[Items listed in a dataset]

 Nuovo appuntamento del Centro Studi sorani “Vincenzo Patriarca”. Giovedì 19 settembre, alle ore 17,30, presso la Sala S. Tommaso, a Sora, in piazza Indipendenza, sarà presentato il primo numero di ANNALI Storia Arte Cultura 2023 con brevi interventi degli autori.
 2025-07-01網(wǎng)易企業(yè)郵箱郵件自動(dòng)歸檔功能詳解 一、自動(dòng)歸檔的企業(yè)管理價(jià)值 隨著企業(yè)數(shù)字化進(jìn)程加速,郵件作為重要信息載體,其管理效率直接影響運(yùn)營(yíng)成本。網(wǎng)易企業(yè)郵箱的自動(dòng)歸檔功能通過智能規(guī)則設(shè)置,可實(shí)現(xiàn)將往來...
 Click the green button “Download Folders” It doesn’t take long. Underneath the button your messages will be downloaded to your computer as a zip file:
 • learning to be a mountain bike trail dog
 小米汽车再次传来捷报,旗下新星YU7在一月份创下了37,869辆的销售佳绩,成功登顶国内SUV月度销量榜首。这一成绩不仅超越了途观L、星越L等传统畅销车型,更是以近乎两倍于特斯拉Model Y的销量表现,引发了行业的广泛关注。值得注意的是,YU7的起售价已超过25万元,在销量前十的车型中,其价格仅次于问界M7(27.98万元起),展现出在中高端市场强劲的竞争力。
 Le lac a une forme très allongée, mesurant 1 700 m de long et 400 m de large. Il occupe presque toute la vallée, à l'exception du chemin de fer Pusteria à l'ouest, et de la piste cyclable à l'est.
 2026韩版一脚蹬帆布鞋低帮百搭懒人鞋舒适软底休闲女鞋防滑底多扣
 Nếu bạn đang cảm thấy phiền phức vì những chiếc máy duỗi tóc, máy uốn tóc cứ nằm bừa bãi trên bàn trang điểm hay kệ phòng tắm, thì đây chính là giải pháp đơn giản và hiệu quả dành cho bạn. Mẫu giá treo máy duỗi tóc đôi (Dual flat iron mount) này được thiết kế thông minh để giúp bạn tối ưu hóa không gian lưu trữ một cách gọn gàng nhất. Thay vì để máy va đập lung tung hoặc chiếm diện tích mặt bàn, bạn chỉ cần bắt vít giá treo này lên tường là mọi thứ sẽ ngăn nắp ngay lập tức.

### What this task involves
Repeat the data. Keep every word the same.

### Result of the exercise
 Nuovo appuntamento del Centro Studi sorani “Vincenzo Patriarca”. Giovedì 19 settembre, alle ore 17,30, presso la Sala S. Tommaso, a Sora, in piazza Indipendenza, sarà presentato il primo numero di ANNALI Storia Arte Cultura 2023 con brevi interventi degli autori.
 2025-07-01網(wǎng)易企業(yè)郵箱郵件自動(dòng)歸檔功能詳解 一、自動(dòng)歸檔的企業(yè)管理價(jià)值 隨著企業(yè)數(shù)字化進(jìn)程加速,郵件作為重要信息載體,其管理效率直接影響運(yùn)營(yíng)成本。網(wǎng)易企業(yè)郵箱的自動(dòng)歸檔功能通過智能規(guī)則設(shè)置,可實(shí)現(xiàn)將往來...
 Click the green button “Download Folders” It doesn’t take long. Underneath the button your messages will be downloaded to your computer as a zip file:
 • learning to be a mountain bike trail dog
 小米汽车再次传来捷报,旗下新星YU7在一月份创下了37,869辆的销售佳绩,成功登顶国内SUV月度销量榜首。这一成绩不仅超越了途观L、星越L等传统畅销车型,更是以近乎两倍于特斯拉Model Y的销量表现,引发了行业的广泛关注。值得注意的是,YU7的起售价已超过25万元,在销量前十的车型中,其价格仅次于问界M7(27.98万元起),展现出在中高端市场强劲的竞争力。
 Le lac a une forme très allongée, mesurant 1 700 m de long et 400 m de large. Il occupe presque toute la vallée, à l'exception du chemin de fer Pusteria à l'ouest, et de la piste cyclable à l'est.
 2026韩版一脚蹬帆布鞋低帮百搭懒人鞋舒适软底休闲女鞋防滑底多扣
 Nếu bạn đang cảm thấy phiền phức vì những chiếc máy duỗi tóc, máy uốn tóc cứ nằm bừa bãi trên bàn trang điểm hay kệ phòng tắm, thì đây chính là giải pháp đơn giản và hiệu quả dành cho bạn. Mẫu giá treo máy duỗi tóc đôi (Dual flat iron mount) này được thiết kế thông minh để giúp bạn tối ưu hóa không gian lưu trữ một cách gọn gàng nhất. Thay vì để máy va đập lung tung hoặc chiếm diện tích mặt bàn, bạn chỉ cần bắt vít giá treo này lên tường là mọi thứ sẽ ngăn nắp ngay lập tức.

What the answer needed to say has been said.